Finiteness and subordination

Chapter:
(p.290) (p.291) 7 Finiteness and subordination
Source:
The Substance of Language Volume I
Author(s):

John M. Anderson

Publisher:
Oxford University Press
DOI:10.1093/acprof:oso/9780199608317.003.0008

This chapter examines various constructions types and their relationship to finiteness. Certain constructions, such as ‘indirect questions’ and relatives, are demoted finites: the properties that they display that are associated with finiteness do not save them from being necessarily subordinate. Indicatives, however, can typically be finite in subordinate clauses.
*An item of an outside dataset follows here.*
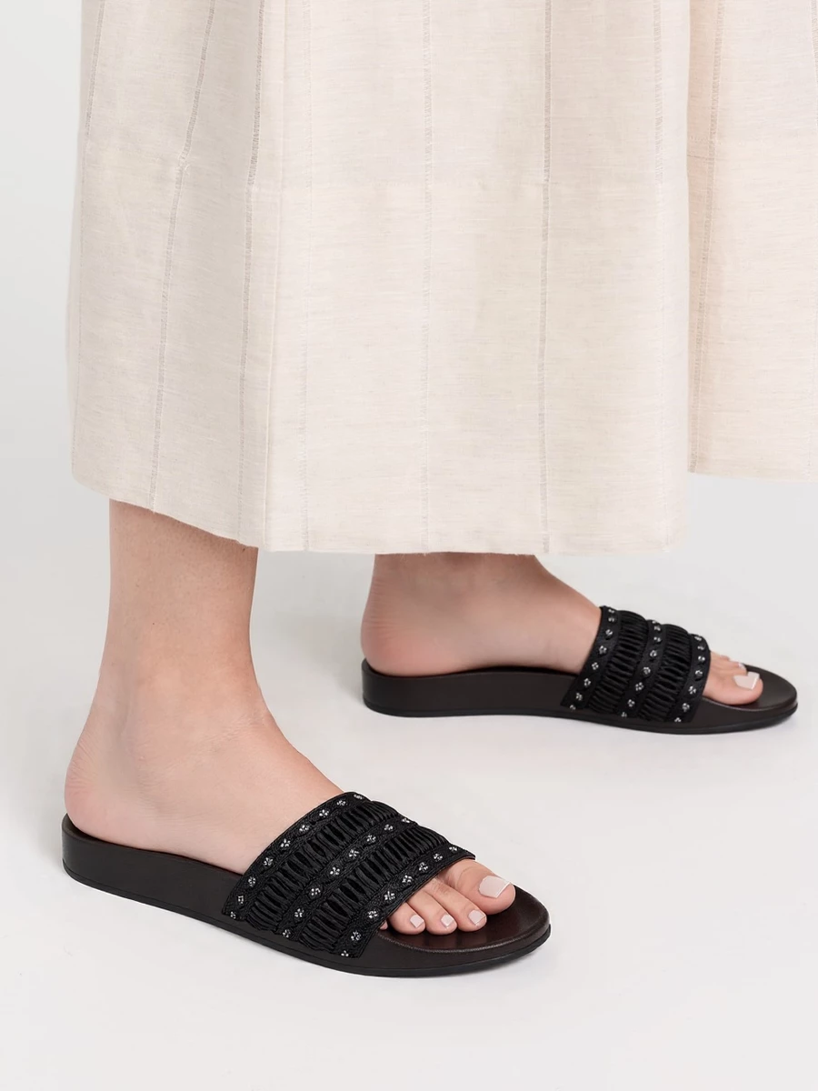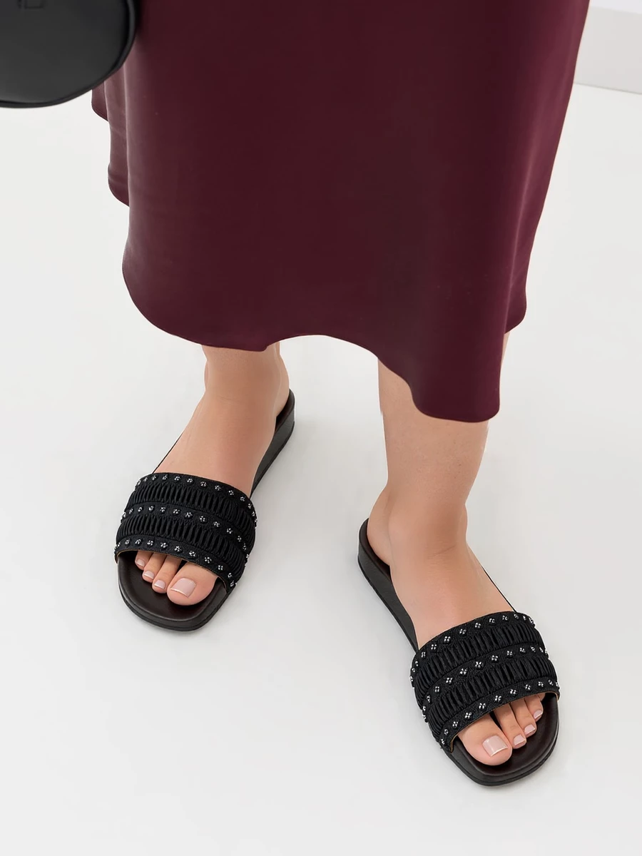 Klapki RUFFLE SLIDE (czarne) to ponadczasowe obuwie, które idealnie komponuje się z eleganckimi, jak i codziennymi stylizacjami. Wykonane z materiału tekstylnego, z ozdobną falbanką i cyrkoniami, które nadają im elegancki wygląd. Podeszwa z gumy lub tworzywa sztucznego zapewnia komfort na każdym kroku. Czarne klapki to klasyka, która pasuje do wszystkiego.

Some other constructions are dedicated mood-markers: this is often the case with optative, hortative, and exclamative constructions, which are frequently highly idiomatic. Other constructions still, though often, even typically, occurring as subordinates, may be promoted to serve as less prototypical expressions of declarative or of more marked moods: this is characteristic of the basic non-finite construction that is usually called infinitive. Subjunctives, associated notionally with irrealis, and even counterfactuality, show properties often associated with the expression of declaratives, but are frequently demoted. Descriptions are offered for this range of construction types and their varying relationship with finiteness.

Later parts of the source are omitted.